There is more to a picture than first meets the eye. There are many reasons for collecting specific photos. In this case it was not for the young woman’s expression which is not just solemn – there is significant composure in her pose – but a niggling sense that this may be a person who is not very happy at this time in her life (how much can you tell from a single image; my supposition may be entirely unfounded?)
I bought it because it is a very nice image in almost every other way: the composition and exposure are exquisite, her posture is impeccable and oddly relaxed even as it is upright; the dress is a wonderful example of the best of the current fashion, neither overblown or excessively plain (I think just after the bustle craze and before the extreme shoulder and sleeve treatments of the 1890s; note that the styles required skillful alterations for each individual wearer); she may be just above average height.
What a difference it would have made if she had presented just the hint of a smile, or a touch of life to her eyes, or a more congenial softness to her outlook! What you cannot see but I detect at close inspection, is that she is quite heavily freckled; perhaps she is a redhead. I don’t mean to suggest that this is the reason for her demeanor, even though a freckled complexion was what a woman of her time sought to avoid (as was a tan), but some people are freckled even if they stay out of the sun. Little things may color a person’s view of life, but we cannot know if she had far better reasons for looking at the world as she seems to on this day. Her self possession is remarkable though. We do not have a right to happiness, only to the pursuit of happiness.
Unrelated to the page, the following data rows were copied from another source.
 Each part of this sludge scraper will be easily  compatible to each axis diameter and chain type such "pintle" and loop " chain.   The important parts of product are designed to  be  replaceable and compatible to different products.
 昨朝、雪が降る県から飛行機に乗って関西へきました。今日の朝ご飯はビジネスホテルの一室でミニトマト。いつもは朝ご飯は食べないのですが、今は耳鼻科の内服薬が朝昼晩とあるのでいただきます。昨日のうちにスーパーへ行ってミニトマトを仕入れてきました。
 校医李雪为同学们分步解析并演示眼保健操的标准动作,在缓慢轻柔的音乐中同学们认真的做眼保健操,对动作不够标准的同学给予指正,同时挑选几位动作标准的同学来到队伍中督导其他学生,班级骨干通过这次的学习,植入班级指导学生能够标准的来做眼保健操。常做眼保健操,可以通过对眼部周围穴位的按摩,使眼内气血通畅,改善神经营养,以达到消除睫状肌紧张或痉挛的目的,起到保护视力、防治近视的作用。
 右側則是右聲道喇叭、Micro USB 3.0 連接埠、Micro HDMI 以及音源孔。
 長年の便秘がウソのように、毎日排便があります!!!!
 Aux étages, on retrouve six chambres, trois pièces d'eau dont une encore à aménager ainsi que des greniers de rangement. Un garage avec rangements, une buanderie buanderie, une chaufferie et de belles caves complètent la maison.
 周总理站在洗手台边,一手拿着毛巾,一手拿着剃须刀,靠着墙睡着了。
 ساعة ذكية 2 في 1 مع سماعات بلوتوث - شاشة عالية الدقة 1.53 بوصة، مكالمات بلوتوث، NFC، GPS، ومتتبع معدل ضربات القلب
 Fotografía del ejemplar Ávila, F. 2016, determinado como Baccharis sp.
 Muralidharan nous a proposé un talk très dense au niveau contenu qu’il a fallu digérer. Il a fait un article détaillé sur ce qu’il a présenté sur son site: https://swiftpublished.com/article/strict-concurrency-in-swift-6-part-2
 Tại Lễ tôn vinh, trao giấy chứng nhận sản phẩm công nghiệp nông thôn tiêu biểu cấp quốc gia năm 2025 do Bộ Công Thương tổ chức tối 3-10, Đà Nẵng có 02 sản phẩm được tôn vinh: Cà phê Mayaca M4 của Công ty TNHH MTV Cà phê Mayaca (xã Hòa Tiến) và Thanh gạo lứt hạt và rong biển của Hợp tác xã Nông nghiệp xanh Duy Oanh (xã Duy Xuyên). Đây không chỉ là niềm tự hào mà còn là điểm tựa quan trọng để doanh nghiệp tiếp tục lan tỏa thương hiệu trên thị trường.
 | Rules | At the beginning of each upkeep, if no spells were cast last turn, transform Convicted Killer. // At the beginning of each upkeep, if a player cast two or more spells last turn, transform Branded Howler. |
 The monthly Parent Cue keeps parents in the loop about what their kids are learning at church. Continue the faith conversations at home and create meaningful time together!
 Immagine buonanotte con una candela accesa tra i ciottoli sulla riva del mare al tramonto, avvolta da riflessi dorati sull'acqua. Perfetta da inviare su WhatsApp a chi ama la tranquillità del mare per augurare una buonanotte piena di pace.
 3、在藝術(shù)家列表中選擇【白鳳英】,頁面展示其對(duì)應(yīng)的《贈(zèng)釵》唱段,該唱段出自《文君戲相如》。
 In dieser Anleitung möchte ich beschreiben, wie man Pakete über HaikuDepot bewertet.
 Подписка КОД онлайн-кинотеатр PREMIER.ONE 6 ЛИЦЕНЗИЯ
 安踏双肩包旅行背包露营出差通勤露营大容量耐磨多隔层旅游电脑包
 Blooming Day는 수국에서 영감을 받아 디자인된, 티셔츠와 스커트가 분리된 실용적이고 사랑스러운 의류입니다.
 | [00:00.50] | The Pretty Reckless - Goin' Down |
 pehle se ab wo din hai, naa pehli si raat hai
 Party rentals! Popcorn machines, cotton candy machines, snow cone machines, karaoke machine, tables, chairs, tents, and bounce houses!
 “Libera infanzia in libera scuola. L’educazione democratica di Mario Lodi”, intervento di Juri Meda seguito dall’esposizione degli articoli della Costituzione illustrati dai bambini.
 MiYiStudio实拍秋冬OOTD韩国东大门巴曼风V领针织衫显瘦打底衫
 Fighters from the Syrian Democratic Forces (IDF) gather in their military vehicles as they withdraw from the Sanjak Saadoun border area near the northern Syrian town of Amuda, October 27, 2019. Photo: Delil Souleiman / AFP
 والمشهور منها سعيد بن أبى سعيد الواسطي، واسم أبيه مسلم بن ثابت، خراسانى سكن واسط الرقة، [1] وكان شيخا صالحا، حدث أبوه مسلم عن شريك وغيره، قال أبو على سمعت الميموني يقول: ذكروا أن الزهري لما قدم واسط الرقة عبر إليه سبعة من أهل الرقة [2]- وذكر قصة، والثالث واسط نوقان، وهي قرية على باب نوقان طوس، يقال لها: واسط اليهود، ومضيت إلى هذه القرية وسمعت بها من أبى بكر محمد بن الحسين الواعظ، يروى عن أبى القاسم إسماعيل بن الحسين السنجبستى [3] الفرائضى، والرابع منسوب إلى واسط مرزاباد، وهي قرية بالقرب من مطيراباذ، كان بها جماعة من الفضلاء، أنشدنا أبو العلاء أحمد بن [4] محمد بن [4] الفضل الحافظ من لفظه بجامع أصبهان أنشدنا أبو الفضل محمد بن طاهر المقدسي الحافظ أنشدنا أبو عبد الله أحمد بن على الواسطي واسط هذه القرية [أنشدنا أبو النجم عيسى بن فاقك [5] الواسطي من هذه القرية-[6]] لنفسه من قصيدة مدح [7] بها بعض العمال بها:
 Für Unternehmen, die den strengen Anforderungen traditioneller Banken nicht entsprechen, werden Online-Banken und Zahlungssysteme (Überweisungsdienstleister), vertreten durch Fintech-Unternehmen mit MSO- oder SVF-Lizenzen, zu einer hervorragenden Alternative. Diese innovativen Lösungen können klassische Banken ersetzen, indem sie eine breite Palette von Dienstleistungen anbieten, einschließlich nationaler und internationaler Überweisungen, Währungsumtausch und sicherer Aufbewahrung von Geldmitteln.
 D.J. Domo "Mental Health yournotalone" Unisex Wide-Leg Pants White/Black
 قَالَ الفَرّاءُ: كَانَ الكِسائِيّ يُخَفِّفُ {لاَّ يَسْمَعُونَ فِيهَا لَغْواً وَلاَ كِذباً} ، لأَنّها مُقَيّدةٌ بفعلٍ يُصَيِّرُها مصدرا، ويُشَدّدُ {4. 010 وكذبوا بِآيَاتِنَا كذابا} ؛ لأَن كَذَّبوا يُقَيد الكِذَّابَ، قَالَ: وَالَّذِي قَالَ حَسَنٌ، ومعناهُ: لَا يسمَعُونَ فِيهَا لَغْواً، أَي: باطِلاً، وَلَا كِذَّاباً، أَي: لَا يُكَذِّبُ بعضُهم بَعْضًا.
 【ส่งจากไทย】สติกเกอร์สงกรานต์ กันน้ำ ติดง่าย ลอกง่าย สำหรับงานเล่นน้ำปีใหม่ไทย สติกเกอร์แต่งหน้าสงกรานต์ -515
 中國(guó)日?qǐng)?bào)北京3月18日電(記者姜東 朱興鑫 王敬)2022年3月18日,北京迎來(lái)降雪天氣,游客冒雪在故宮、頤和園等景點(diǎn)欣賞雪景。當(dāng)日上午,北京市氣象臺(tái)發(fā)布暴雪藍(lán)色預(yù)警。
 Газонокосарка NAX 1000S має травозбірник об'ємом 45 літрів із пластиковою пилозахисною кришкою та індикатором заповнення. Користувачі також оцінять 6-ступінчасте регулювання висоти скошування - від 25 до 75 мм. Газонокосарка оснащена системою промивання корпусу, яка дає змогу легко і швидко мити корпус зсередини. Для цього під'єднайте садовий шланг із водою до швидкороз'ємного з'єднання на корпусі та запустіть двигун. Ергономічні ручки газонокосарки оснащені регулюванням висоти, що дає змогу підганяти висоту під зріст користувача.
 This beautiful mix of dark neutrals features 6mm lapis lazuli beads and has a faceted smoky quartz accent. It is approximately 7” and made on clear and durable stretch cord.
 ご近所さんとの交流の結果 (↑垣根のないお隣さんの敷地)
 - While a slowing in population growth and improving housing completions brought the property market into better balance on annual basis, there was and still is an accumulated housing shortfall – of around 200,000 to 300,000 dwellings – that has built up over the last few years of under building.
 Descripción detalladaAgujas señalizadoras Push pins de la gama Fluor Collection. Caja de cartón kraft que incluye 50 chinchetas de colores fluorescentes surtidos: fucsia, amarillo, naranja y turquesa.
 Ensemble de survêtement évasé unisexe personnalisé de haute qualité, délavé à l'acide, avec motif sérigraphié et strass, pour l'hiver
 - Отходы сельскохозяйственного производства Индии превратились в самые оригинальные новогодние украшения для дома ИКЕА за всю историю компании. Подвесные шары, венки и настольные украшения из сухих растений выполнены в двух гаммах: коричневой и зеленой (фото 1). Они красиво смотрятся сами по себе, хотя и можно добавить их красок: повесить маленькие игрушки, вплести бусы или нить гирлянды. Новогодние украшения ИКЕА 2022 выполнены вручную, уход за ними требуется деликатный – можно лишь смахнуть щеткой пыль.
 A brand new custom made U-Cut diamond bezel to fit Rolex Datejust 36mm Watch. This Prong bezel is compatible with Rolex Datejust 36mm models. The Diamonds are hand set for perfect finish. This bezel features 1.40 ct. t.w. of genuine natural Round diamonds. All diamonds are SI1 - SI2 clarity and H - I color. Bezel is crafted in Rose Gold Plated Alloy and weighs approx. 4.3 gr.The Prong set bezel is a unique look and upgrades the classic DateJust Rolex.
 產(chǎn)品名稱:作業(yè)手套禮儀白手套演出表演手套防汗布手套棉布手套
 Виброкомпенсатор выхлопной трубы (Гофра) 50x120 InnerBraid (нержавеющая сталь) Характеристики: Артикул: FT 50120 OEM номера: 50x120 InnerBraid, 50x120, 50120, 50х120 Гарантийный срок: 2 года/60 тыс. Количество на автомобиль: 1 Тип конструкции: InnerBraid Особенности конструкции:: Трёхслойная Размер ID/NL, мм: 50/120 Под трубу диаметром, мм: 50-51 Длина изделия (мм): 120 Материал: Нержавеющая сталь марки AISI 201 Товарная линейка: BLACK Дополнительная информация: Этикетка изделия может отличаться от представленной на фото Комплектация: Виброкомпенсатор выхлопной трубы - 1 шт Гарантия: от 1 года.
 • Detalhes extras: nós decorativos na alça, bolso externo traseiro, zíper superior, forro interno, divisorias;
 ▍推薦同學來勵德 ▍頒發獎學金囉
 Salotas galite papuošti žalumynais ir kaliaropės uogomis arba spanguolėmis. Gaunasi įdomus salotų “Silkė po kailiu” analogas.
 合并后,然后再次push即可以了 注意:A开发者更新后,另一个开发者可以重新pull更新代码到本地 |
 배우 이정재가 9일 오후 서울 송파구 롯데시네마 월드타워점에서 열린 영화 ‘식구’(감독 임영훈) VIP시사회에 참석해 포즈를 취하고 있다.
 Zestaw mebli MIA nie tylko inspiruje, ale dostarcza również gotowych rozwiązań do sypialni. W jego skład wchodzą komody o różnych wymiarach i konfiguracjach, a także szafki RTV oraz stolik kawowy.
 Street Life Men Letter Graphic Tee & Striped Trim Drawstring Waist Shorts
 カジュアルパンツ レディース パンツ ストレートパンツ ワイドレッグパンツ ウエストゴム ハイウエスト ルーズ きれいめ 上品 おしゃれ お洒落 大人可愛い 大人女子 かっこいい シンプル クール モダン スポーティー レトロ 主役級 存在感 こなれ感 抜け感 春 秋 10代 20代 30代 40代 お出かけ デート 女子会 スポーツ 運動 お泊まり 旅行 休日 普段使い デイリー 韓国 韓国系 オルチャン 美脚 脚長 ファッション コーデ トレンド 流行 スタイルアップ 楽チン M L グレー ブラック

If she were here she might tell me to mind my own business and keep my pop psychology to myself, thank you very much – and she would have a point, yet I might respond that, more than a century removed, I cannot help but respond to a photo as I would to any stranger on the street (we humans are past masters at reading expressions – it comes with a few hundred thousand years of survival instincts).
This is from the studio of Brittingham & Webster of West Springfield and Ware, MA.